In caso di fallimento del trattamento medico,può rendersi necessario un trattamento chirurgico di resezione endoscopica della prostata (TURP). Questo prevede la resezione di parte della prostata attraverso l’uretra. Esistono anche alcune nuove tecniche per ridurre il volume della prostata ipertrofica,alcune delle quali non sono ancora abbastanza sperimentate per stabilire i loro effetti definitivi. Esse prevedono vari metodi per distruggere parte del tessuto ghiandolare senza danneggiare quello che rimarrà in sito. Fra queste si ricordano: la vaporizzazione transuretrale della prostata (TVP),la laser TURP,la visual laser ablation (VLAP),la Transurethral Microwave Thermo Therapy (TUMT), la Transurethral needle ablation of the prostate (TUNA) e la sua evoluzione tecnologica Prostiva,micro iniezioni di etanolo o di tossina botulinica in situ e altre ancora allo studio o in via di sperimentazione.

Nuove tecniche

Nuove tecniche che comportano l’impiego del laser in urologia,sono state sperimentate negli ultimi 10 anni.
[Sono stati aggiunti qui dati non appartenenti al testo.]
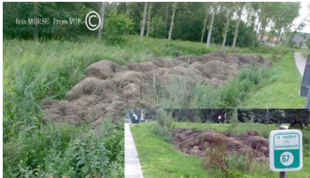
Tientallen kubieke meters rottend gras liggen langs het fiets/tractor/wandelpad te stinken

Tegen de brug hangt er een bordje dat die tussen 2 en 20 juli gesloten is, maar op vrijdag 13 juli is ze toch open ? Deze oude brug, die momenteel wordt geschilderd, wordt de Soldatenbrug genoemd omdat deze tijdens de oorlog door soldaten werd geplaatst.
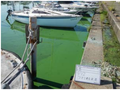
水馬アオコ発生状況①
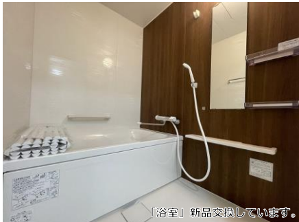
「浴室」新品交換しています。
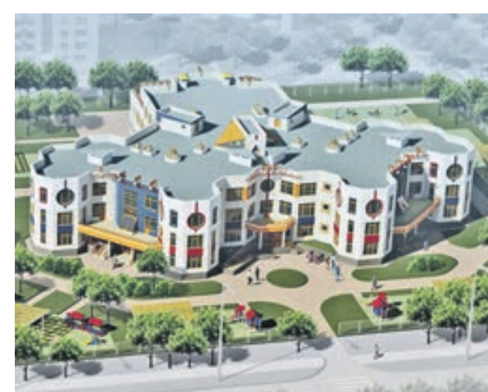
Типовой проект детского сада, который могут посещать 280 малышей. Такое здание уже построено в Бескудниковском районе

Я бы не был столь категоричен. Прежде всего не забывайте, что для строительства типовых проектов примерно половина участков в Москве (по площади, конфигурации, ориентации по сторонам света) изначально не подходит. На такие площадки можно «посадить» только индивидуальные проекты. Если же говорить о типовых, то разнообразие фасадов при одинаковом конструктиве зачастую делает их абсолютно непохожими друг на друга. Когда мы сможем увидеть первые построенные здания? Хотя сегодня! Проекты уже реализуются. Один из них — детский сад на 280 мест — стоит уже по четырем адресам. И никто не упрекнул нас в том, что Москва строит одинаковые сады. Именно вариативность фасадов придавала каждому из объектов неповторимый облик. В числе ваших разработок есть уникальный проект. Верно, это не имеющее аналогов здание-трансформер, способное за короткое время и за очень небольшие деньги, по сравнению с новым строительством, полностью или ча-

Si è iniziato con la VLAP, tecnica che usa uno YAG laser a contatto con il tessuto prostatico. Una tecnologia altamente innovativa, è chiamata Photoselective Vaporization of the Prostate (PVP) e usa un laser (GreenLight Laser) a luce verde (LBO, Litio Triborato). Questa procedura utilizza un laser ad alta potenza di 180 Watt,con una fibra laser di circa 7 French inserita nella prostata mediante uno strumento adeguato. Essa è usata per vaporizzare il tessuto adenomatoso,rispettando la capsula prostatica. GreenLight Laser ha una profondità di vaporizzazione di 0,8 mm ed una lunghezza onda espressamente dedicata alla vaporizzazione dei tessuti. La dimissione è precoce. Un’altra procedura chiamata Holmium Laser Ablation of the Prostate (HoLAP). Il laser per l’HoLAP è un dispositivo con una sonda di 550 micron con una potenza di 100 watt e un angolo di riflessione di 70 gradi. La sua profondità di passata è di 2,140 nm, che cade nella zona invisibile dell’infrarosso e non può essere visto a occhio nudo. La profondità di penetrazione del laser a olmio è inferiore a 0,5 mm. Questa tecnica è utilizzabile solamente per prostate con piccoli adenomi. La tecnica laser più recente utilizza un laser Tullio (2010 nm) con il quale è possibile utilizzare sia la tecnica di enucleazione ThuLEP (Thulium Enucleation of Prostate), impiegata anche con il laser ad Olmio,sia la tecnica di vaporizzazione ThuVaP (Thulium Vaporization of Prostate).